Product Highlight - Heating with Java Fireplace Logs

For many years now, Brazil has been using blocks of discarded coffee beans as fuel in locomotives and as heating in factories. Apparently the country had such a surplus of coffee beans in the 1930s that they were throwing away bags of the beans into the sea until someone came up with the idea of forming the beans into bricks to burn as heat.

Today, Jarden Home Brands in the US distributes Java-Log “the funky new fireplace item that has quickly become the people’s choice firelog … It offers a wonderful solution to the much detested chemical smell associated with other firelogs”. In addition to the soothing sweet smell, the logs produce fewer emissions than wood, are considered environmentally friendly as they are made from waste coffee beans, and they sound like a real wood fire.

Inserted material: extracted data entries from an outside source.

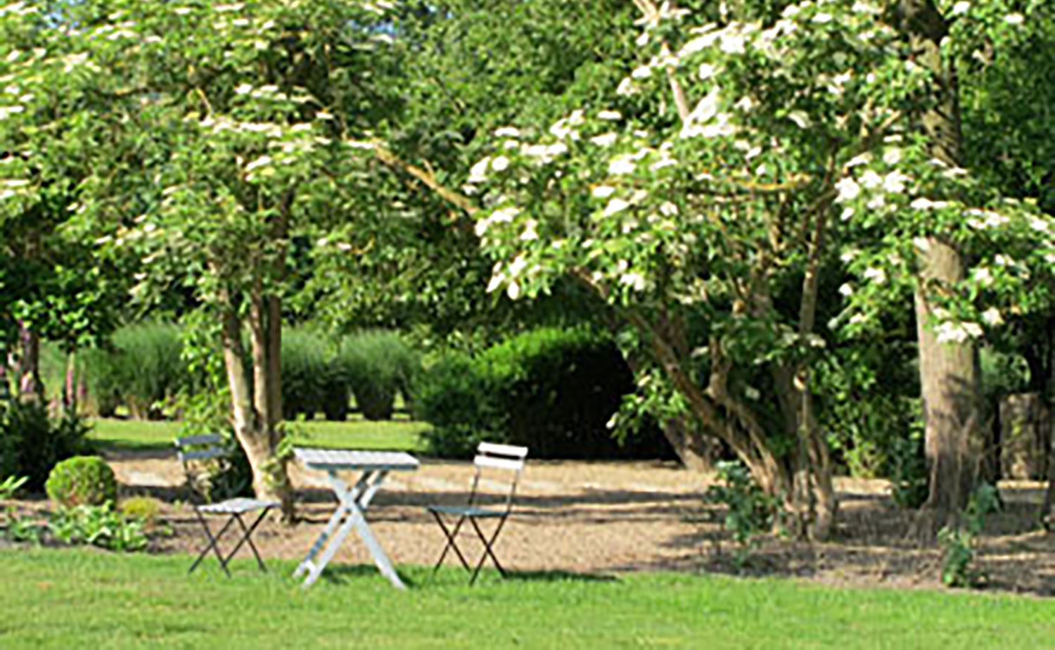 Der in Nähe des Hauses gestaltete Formengarten ist durch eine klare Symmetrie gekennzeichnet. Hecken, Taxuskegel, Kugeln und Einfassungen aus selbst gezogenem Buchsbaum bilden zusammen mit in Form geschnittenen Gehölzen das Grundgerüst. Statt vieler Blüten gibt es grüne Rabatten. Unterschiedliche Blattformen und immergrüne Pflanzen bringen Struktur in den Garten.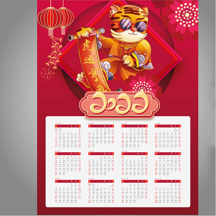 厂家直销2022虎年广告单张年画订做广告年历挂历定制印logo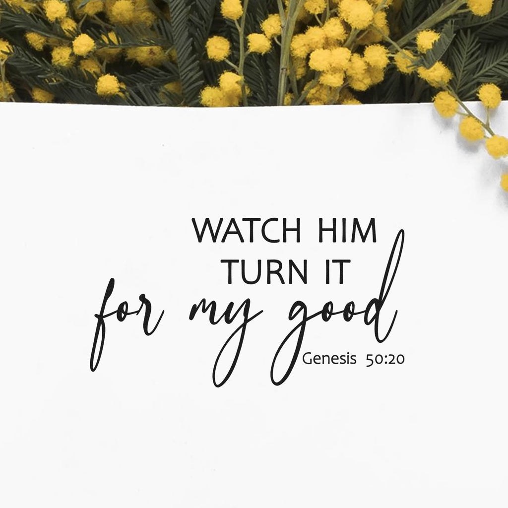 Each press delivers a crisp, professional impression of the phrase “WATCH HIM TURN IT / for my good / Genesis 50:20,” perfectly aligned and ready to anchor your layouts, devotional albums, prayer journals, greeting cards, and church event tags. Use it to title testimony pages, mark turning-point moments in your story, highlight answered prayers, or add a confident, faith-forward focal point to encouragement cards and Bible study gifts. The contemporary design meets timeless promise, making your projects look curated, cohesive, and deeply meaningful.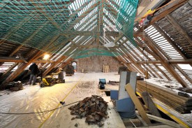 Une succession de couches superposées qui place les collaborateurs du chantier devant un dilemme : «Faut-il garder la dernière ou une, plus ancienne, de l’intérieur ? Beaucoup de choses se décident sur place », souligne l’architecte. Dans la majorité des cas, les intervenants cherchent à trouver un compromis entre la préservation de composantes historiques et l’adaptation du site aux exigences contemporaines, à l’image des poutres du Xve siècle, dont une partie sera coupée pour l’ascenseur. Les deux derniers niveaux concentrent le gros de l’activité ouvrière. Au niveau quatre, qui représente, avec l’étage inférieur, la surface de 600m2 gagnée pour la mise en place d’expositions temporaires, des travailleurs entreprennent de fixer des vis dans le but de lier les poutres aux solives, alors que, sous les combles, d’autres employés dégagent le toit de ses tuiles. Cet espace permettra, nouvelle plus-value, de suivre le chemin de ronde tout autour du Château.
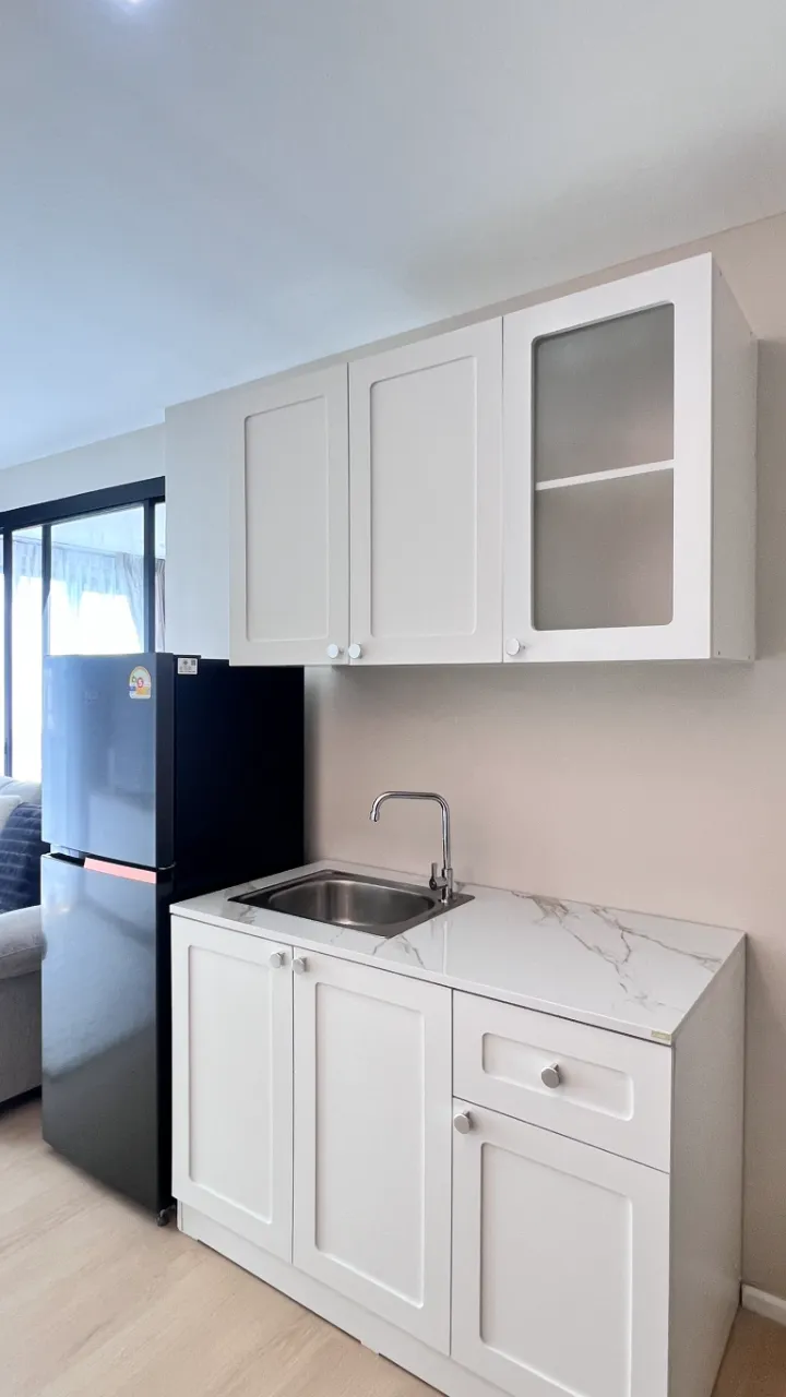 ตึก B ชั้น 8 ห้องมุม ขนาด 30.6 ตร.ม. 1 ห้องนอน 1 ห้องน้ำ 1 ห้องครัว วิวภูเขา รีโนเวทใหม่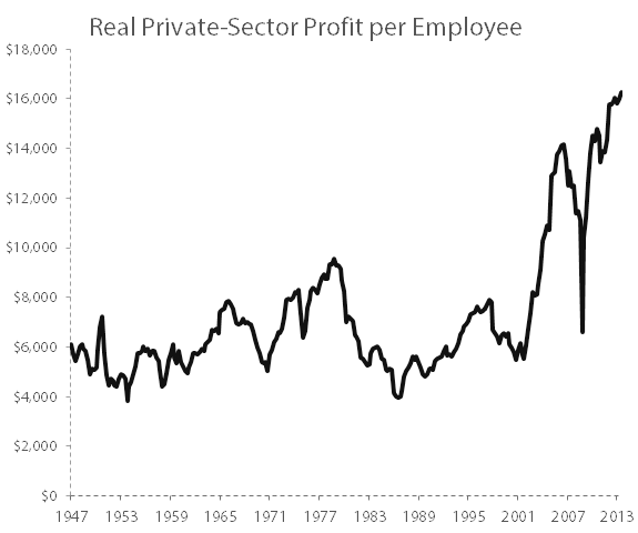 Postwar profit per employee remained relatively stable until the turn of the 21st century, when each employee suddenly became much more profitable. Today, the average private-sector worker produces nearly 200% more profit in real terms than he did in fall 2000. Even if we cherry pick the absolute highest points of per-employee profit during the latter half of the 20th century, we find that the average employee is still twice as profitable today as his or her counterpart in 1997, and 70% more profitable than an earlier counterpart was in 1978.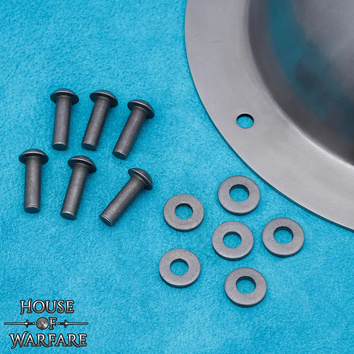 Pre-drilled mounting holes ensure easy installation, and matching rivets are included, allowing quick and secure attachment to wooden shields. Whether you are building a Viking round shield or restoring a medieval shield boss, this umbo gives both authenticity and reliability.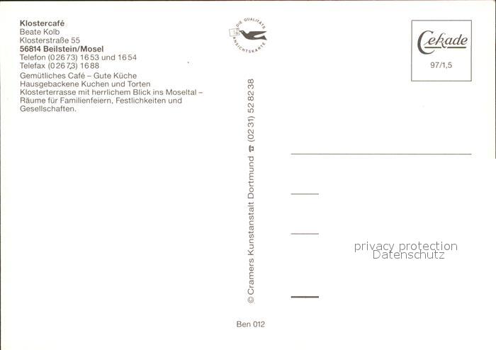 71944646 Beilstein Mosel Kloster-Cafe Beate Kolb postalisch nicht gelaufen Erhaltung siehe scans KatCode: 11110007135007

Not only are the logs made from a renewable and sustainable resource, they also help to keep millions of pounds of waste coffee beans out of landfill sites. They are cleaner burning producing less carbon monoxide and less creosote. The three pound logs are said to burn as long as other five pound logs and produce twenty-five percent more energy than wood. Another unique use of the logs is as a gardening application. Once the logs burn up, the ashes can be used to enrich soil for plants.

Rod Sprules from Ottawa, Canada, the inventor and creator of Java-Log has received patents for his product. In 2003, Time Magazine named Java-Log one of the coolest inventions of 2003. They claimed that in comparison testing, it was found that the log lit more quickly and produced taller flames than its regular counterpart.